Learn more about these new installation options in the Sensor Installation Guide.

Verified sensor upgrade

This release enforces digital signature verification of future sensor upgrades. A sensor kit that cannot be verified will not be accepted as an upgrade by 2.12+ sensors. Sensors 2.11.2 and later are enabled for signature verification.

Distribution support changes

The 2.12 release ends support for the following Linux distribution versions:

  • RHEL/CentOS/Oracle 6
  • SLES 12 (SP2, SP3)
  • OpenSUSE 42.2, 42.3
  • Ubuntu 16.04

Resolved Issues

The following issues were fixed in this version of the software.

  • PSCLNX-9084: Ban_events were missing in some cases

  • PSCLNX-8488: Some file operations (renames) sometimes caused the agent to associate the wrong file with a path

  • PSCLNX-8333: Setting kptr_restrict=2 blocked kprobes on system calls

  • PSCLNX-8265: Operations could arrive out of order on multiple CPUs, improving blocking efficacy

  • CBC-10551: OSquery binary version is upgraded to 5.0.1

  • CBC-9846: Libcurl library version is upgraded to 7.78

  • CBC-9725: OpenSSL library version is upgraded to 1.1.1l, the latest

  • CBC-9514: Librarchive library version is upgraded to 3.5.1

  • CBC-9513: Sqlite-ee library version is upgraded to 3.36

Known Issues

The following issues are known to affect the software. Each lists the sensor version when the issue was first reported. Issues are removed after they are resolved.

  • PSCLNX-9707: Software upgrade log messages are not handled gracefully with unsupported distributions (sensor version found: 2.12)

  • PSCLNX-3874: When the agent restarts successfully, Error[00000002 (00000002)] is reported (sensor version found: 2.6.0)

  • PSCLNX-2710: The sensor does not support uninstall from the Carbon Black Cloud (sensor version found: 2.6.0)

    The sensor does not support uninstall from the Carbon Black Cloud. To uninstall, issue the following commands:

    • For CentOS, RHEL, SUSE, or Amazon Linux:
    rpm -e cb-psc-sensor
    • For Ubuntu:
    dpkg --purge cb-psc-sensor

    Note: The agent will still be listed in the Registered Devices list on the backend after running the command unless you choose Take Action > Uninstall.

  • PSCLNX-455: The sensor only supports unauthenticated proxies (sensor version found: 2.6.0)

  • CB Defense: Endpoint Standard does not collect filemod, netconns, or scriptloads (sensor version found: 2.7.0)

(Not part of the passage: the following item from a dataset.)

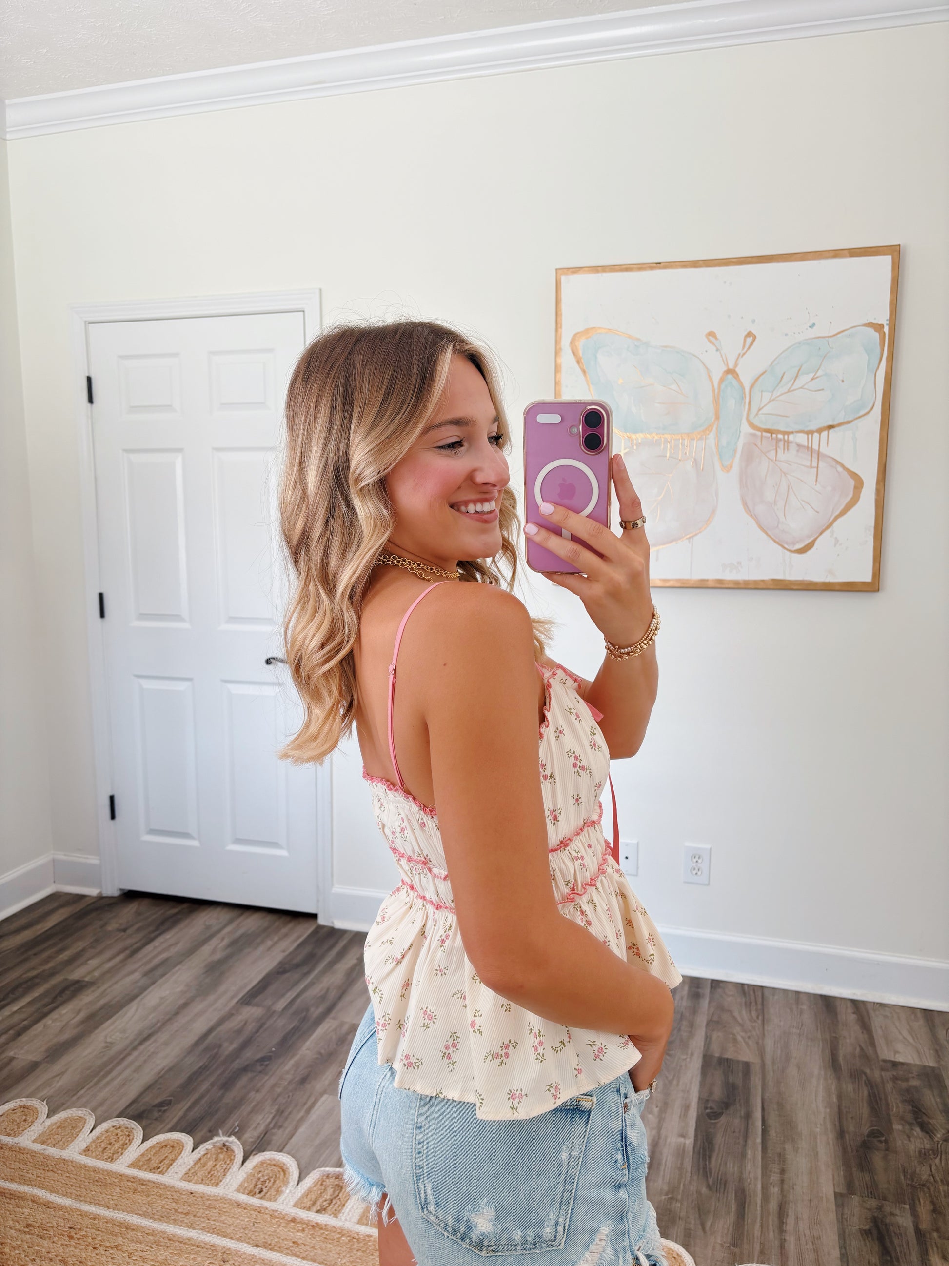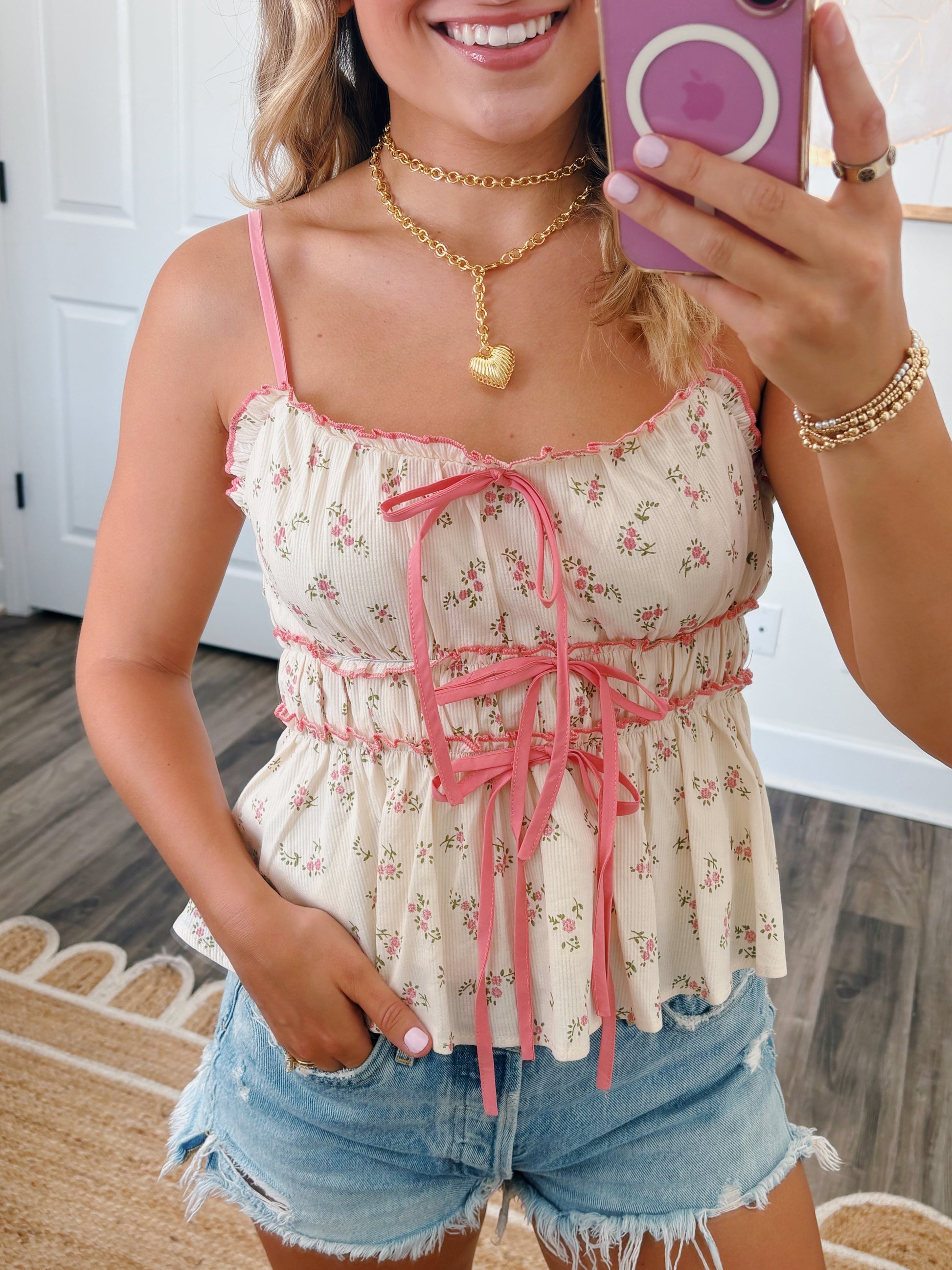 The cutest tank for summer!! Pair it with jean shorts or any denim. It runs true to size. The model is wearing a small.
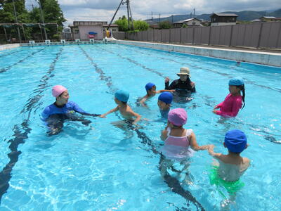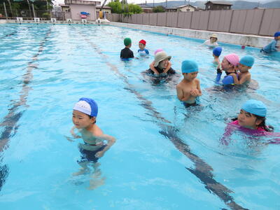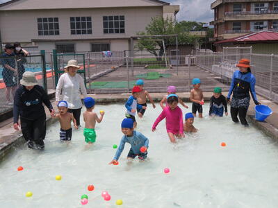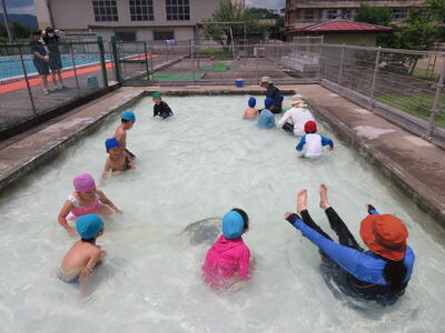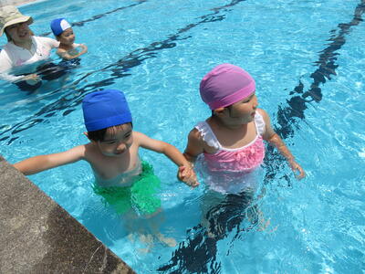 たんぽぽさんも水を怖がらずに大きなプールに入ることができました

  • Performance issues may occur when deploying the Carbon Black Cloud Linux sensor and the CB Response Linux sensor to the same endpoint (sensor version found: 2.6.0)

    Deploying the Carbon Black Cloud Linux sensor and the CB Response Linux sensor to the same endpoint is not recommended. There are no known interoperability issues when running both sensors; however, higher performance utilization occurs if both sensors are running on an endpoint.